Transcribe each line below verbatim; pictures excluded.
GIVEN MATERIAL Start Marker
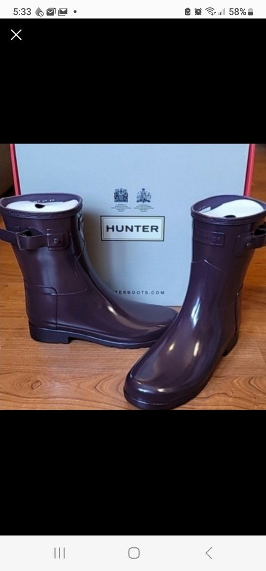 new hunter boots refined cherry Brandy glossy size 7..ladies if you dont own a pair of hunter rain boots your missing out..:)comes with box
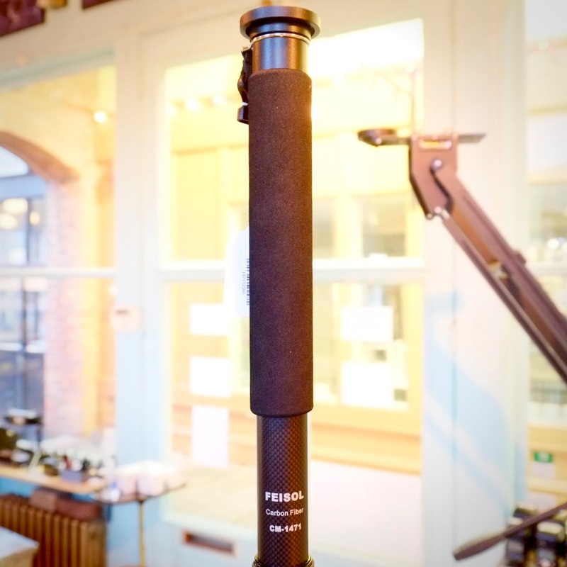 The Feisol CM-1471 is a heavy duty carbon fibre monopod with twist-lock legs. Lightweight and easy handling, with a standard 3/8" threaded connection for head attachment (and it's reversible to a standard 1/4" if you just want to attach your camera directl
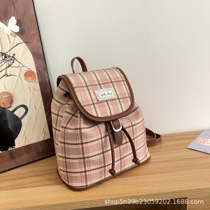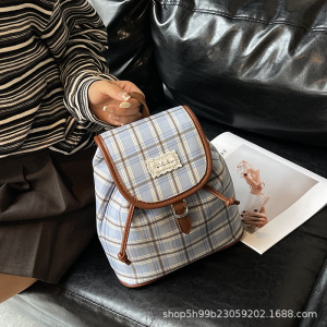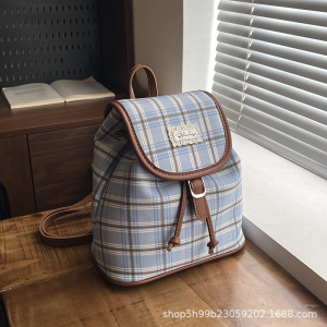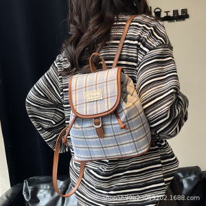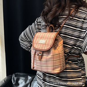 韩系小众格纹双肩包女复古学院风休闲百搭水桶包时尚学生通勤背包
GIVEN MATERIAL End Marker
OUTPUT:
 new hunter boots refined cherry Brandy glossy size 7..ladies if you dont own a pair of hunter rain boots your missing out..:)comes with box
 The Feisol CM-1471 is a heavy duty carbon fibre monopod with twist-lock legs. Lightweight and easy handling, with a standard 3/8" threaded connection for head attachment (and it's reversible to a standard 1/4" if you just want to attach your camera directl
 韩系小众格纹双肩包女复古学院风休闲百搭水桶包时尚学生通勤背包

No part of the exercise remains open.